Another downside, if you are implementing a sort of infinite loading, is that you must keep track of the lastID, since there is not way do deduce what is the last loaded id after results have been merged.

So the question:

What's the best approach to design stores and reducers that must deal with sorted/filterd/paged data fetched via APIs?


Solution

  • On of the common approaches is to keep object-index map and sorted object-list in separate structures.

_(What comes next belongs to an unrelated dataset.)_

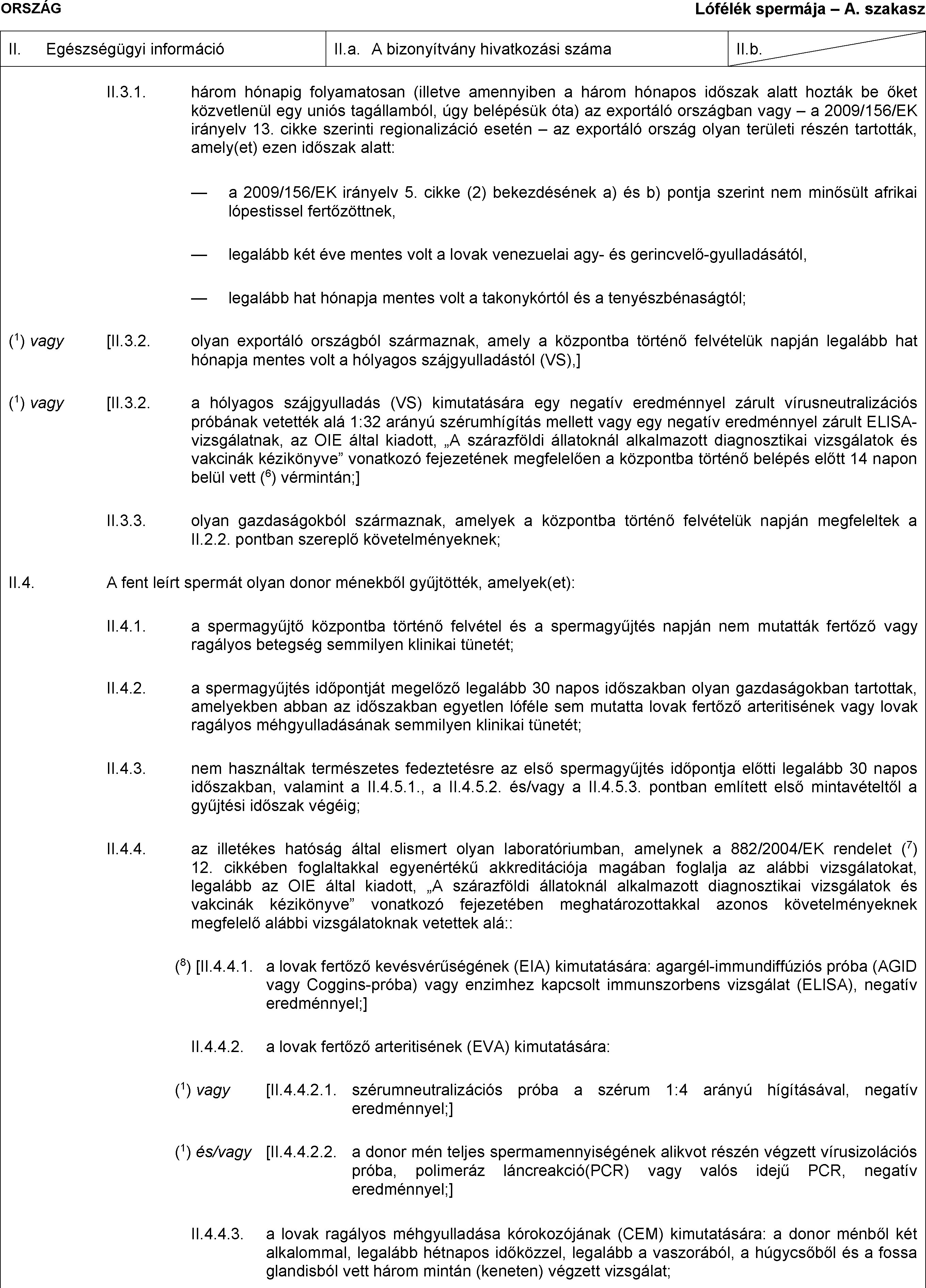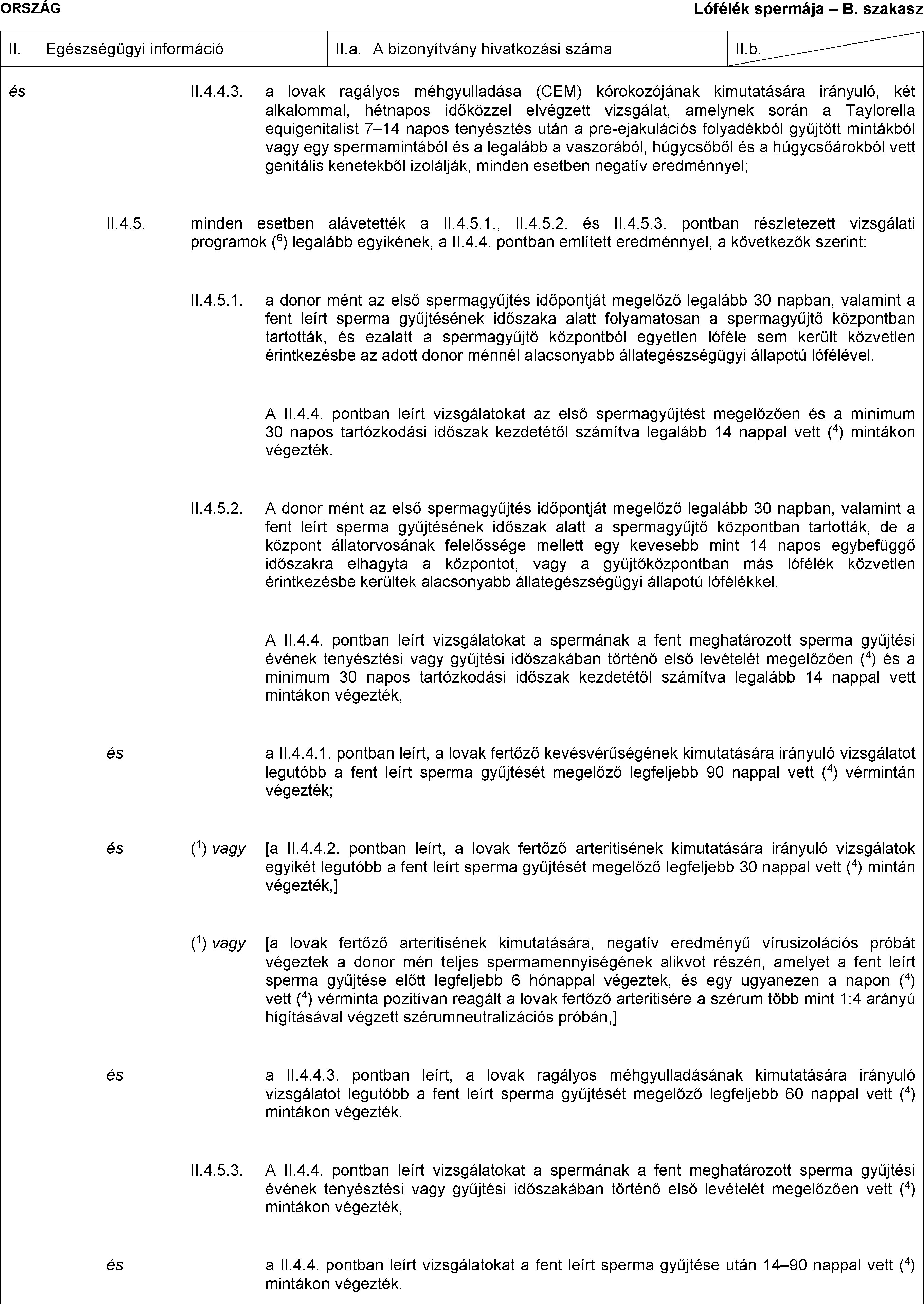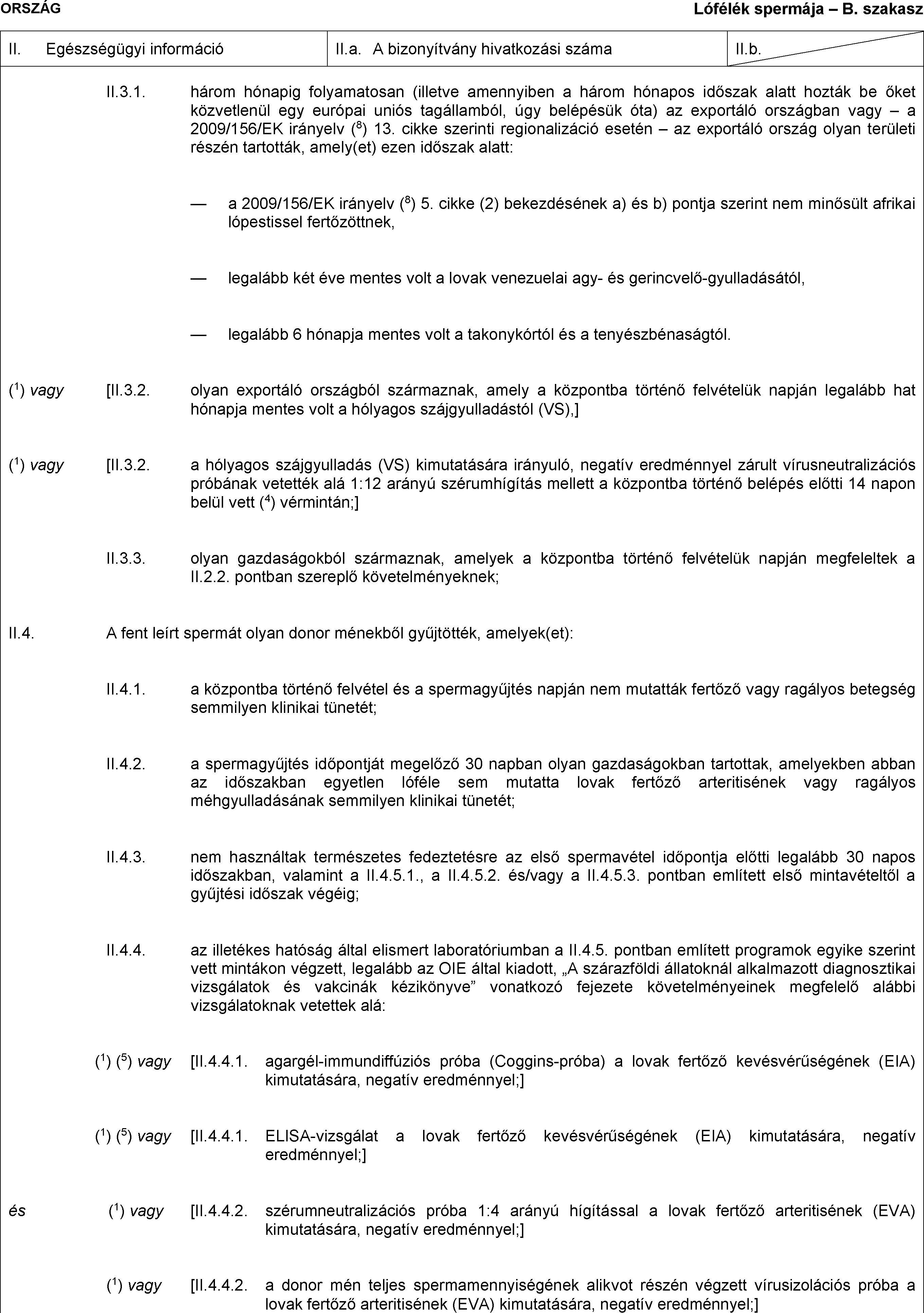 SPERMA | Lóféléknek a 92/65/EGK irányelv 17. cikke (2) bekezdése b) pontjának ii. alpontja szerint begyűjtött spermája. |

    Example reducer (using ramda):

    function reducer(state, action) {
      if (action.type == 'USERS_LOADED') {
        return r.merge(state, {
          userIndex: ramda.reduce(
            (acc, user) => ramda.assoc(user.id, user, acc),
            {},
            action.payload
          ),
          userList: ramda.map(
            ramda.prop('id'),
            action.payload
          )
        }
      }
    }
    

    Example connect selector:

    connect(
      state => ({
        users: state.userList.map(id => state.userIndex[id]) // this reconstructs users in original order
      })
    )(...) 
    

    You can also use open-source project DataScript.

    An immutable in-memory database and Datalog query engine.

    DataScript is meant to run inside the browser. It is cheap to create, quick to query and ephemeral. You create a database on page load, put some data in it, track changes, do queries and forget about it when the user closes the page.

    DataScript databases are immutable and based on persistent data structures. In fact, they’re more like data structures than databases (think Hashmap). Unlike querying a real SQL DB, when you query DataScript, it all comes down to a Hashmap lookup. Or series of lookups. Or array iteration. There’s no particular overhead to it. You put a little data in it, it’s fast. You put in a lot of data, well, at least it has indexes. That should do better than you filtering an array by hand anyway. The thing is really lightweight.

    It has nice Javascript API. Usage example (a bit outdated). Discussion by redux core team.